こんなエントリーシートは嫌だ 人事に聞く傾向と対策

2019/2/20

イラスト=強矢さつき

就職活動シーズンの本格的な幕開けとなる会社説明会解禁が3月1日に迫っている。この時期、就活生にとって悩みの種は志望企業に提出するエントリーシート(ES)だろう。何をどう書けば良いのか。注意すべきポイントはどこか――。就活探偵団が企業の人事担当者を取材し、傾向と対策を探った。

「本当に読んでくれているのですか」。
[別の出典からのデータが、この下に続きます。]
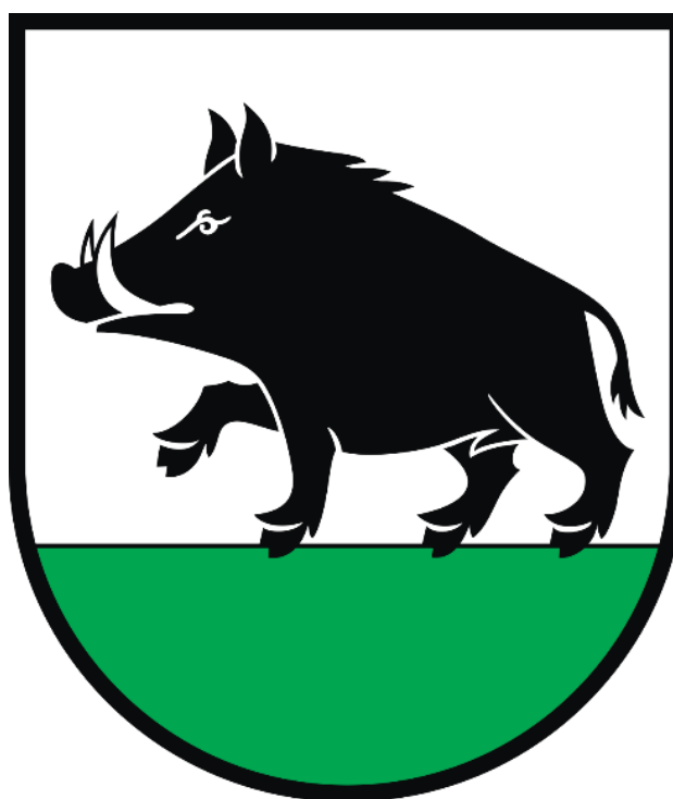
Rysunek 1. Herb Gminy Łobżenica

Herb Gminy Łobżenica przedstawia w polu srebrnym (białym) czarnego dzika, krocącego w prawo (heraldycznie) na zielonej murawie. Murawa ta zajmuje 1/3 wysokości pola tarczy herbowej. Symbol ten stanowi własność Gminy Łobżenica i jest znakiem prawnie chronionym.

そういぶかしむのは立教大学3年生の男子学生。志望動機や自己PRを書いて提出するESは就活の第一関門だ。しかし探偵(記者)が学生らに取材すると、こんな懐疑的な声を聞くことが少なくない。

ディスコ(東京・文京)の調査によると、昨シーズンに就活した2019年春卒業予定の学生は平均14社にESを送っていた(18年7月時点)。会社ごとに内容を変えねばならないうえ、紙での提出が求められる場合もある。学生には大きな負担だ。半面、落とされた場合は「ESの内容のどこが良くなかったのか分からない」(私大19年卒の女子学生)などと釈然としないことも多い。

■熱意を読み取る

探偵団が企業60社にアンケート調査を実施したところ、学生にESの提出を課している企業は8割に上った。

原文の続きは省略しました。